HVC has the option to fund any percentage of the Security Systems and Market Analysis
projects. For example, if HVC decided to fund 40% of the Security Systems project, investments
of 0.40($600,000) = $240,000 would be required in year 1, 0.40($600,000) = $240,000 would be
required in year 2, and 0.40($250,000) = $100,000 would be required in year 3. In this case, the
net present value of the Security Systems project would be 0.40($1,800,000) = $720,000. The
investment amounts and the net present value for partial funding of the Market Analysis project
would be computed in the same manner.
Managerial Report
Perform an analysis of HVC's investment problem and prepare a report that presents your
findings and recommendations. Include (but do not limit your discussion to) a consideration of
the following items:
1. What is the recommended percentage of each project that HVC should fund and the
net present value of the total investment?
Objective Function:
Max $1,800,000S+$1,600,000M
Constraints:
$600,000S+$500,000M<= $800,000 Year 1
$600,000S+$350,000M<= $700,000 Year 2
$250,000S+$400,000M<= $500,000 Year 3
S <= 1 Maximum percentage of S
M <= 1 Maximum percentage of M
S, M>=0
Recommended percentages of each project and present value of Total Investment
Solution:
Two feasible solutions:
(1) S= 77.8%; M=66.7% | S=77.7777778% M=66.6666667%
(2) S = 60.9%; M=87% | S=60.8695652% M=86.9565217%
Since the objective is to maximize the net present value of the total investment, (2) is the
optimal solution with S= 0.609 and M=0.87. In other words, the recommended
percentage is approximately 61% of the Security Systems project should be funded by
HVC and 87% of the Market Analysis project should be funded by HVC with an
approximate net present value of $2486957 (using S = 60.8695652% and M =
86.9565217%) then rounded off to the nearest whole number).

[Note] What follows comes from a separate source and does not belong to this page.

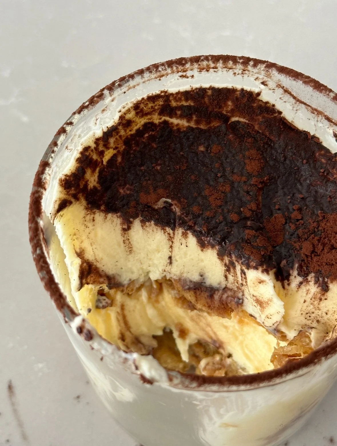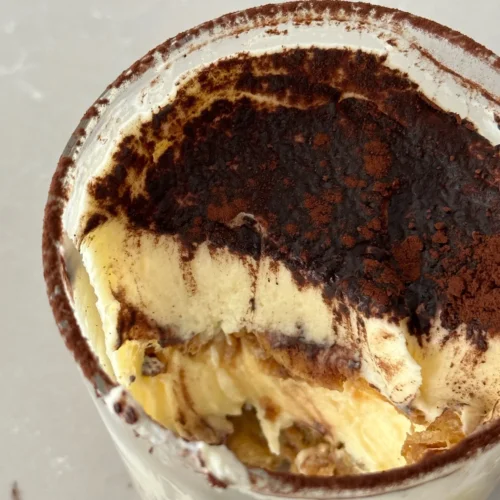 - Finish with a dusting of cocoa and importantly – refrigerate for at least a couple of hours before serving.

2. What capital allocation plan for Security Systems and Market Analysis for the
coming three-year period and the total HVC investment each year would you
recommend?
Capital allocation plan for Security Systems and Market Analysis for the coming three-
year period and the total HVC investment each year would be recommended as:
Note S = 60.8695652% and M = 86.9565217%
In the first year, HVC should invest $365,217.39 in Security Systems and $434782.61 in
Market Analysis, the total investment amount is 800000.00. In the second year, this
company will spend the same amount of money on the Security Systems as the first year
and $304347.83 on Market Analysis, the total investment is $669565.22; in the last year,
HVC can commit $152173.91 for Security Systems and $347,826.09 for Market
Analysis,
The total is $ 500000.00.
New Constraint:
S=68.9%; M=82% | S=68.852459% M=81.9672131%
If HVC is willing to commit an additional $100000 during the first year, the recommended
percentage of the security systems will increase from 61% to 69% and the number of Market
Analysis will decrease from 87% to 82%. The net present value will change to $2550820,
approximately (using S= 68.852459% and M= 81.9672131% then rounded off to the nearest
whole number).
4. What would the capital allocation plan look like if an additional $100,000 is made
available during first year?
Security System ($) Market Analysis ($) Total ($)

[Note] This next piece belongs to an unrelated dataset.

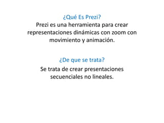 Prezi es una herramienta para crear presentaciones dinámicas no lineales utilizando zoom y movimiento. Permite agregar texto, imágenes y videos para crear representaciones interactivas que pueden ser compartidas en línea o descargadas para presentaciones sin conexión. Ofrece diferentes planes de suscripción con diferentes niveles de almacenamiento en la nube y funciones.

Year 1 413114.75 409836.07 822950.82
Year 2 413114.75 286885.25 700,000
Year 3 172131.15 327868.85 500,000
Compared to the capital allocation plan without the additional $100000, HVC’s investment on
the first year in security system would be $413114.75 and $ 409836.07 in Market analysis with
the total investment amount of 822,950.82. In the second year it would spend the same amount
on the security system as the first year and $ 286,885.25 on Market analysis, with a total
investment of $ 700,000. In the last year HVC would commit $172131.15 for Security System
and $ 327,868.85 for Market analysis for a total of $ 500,000.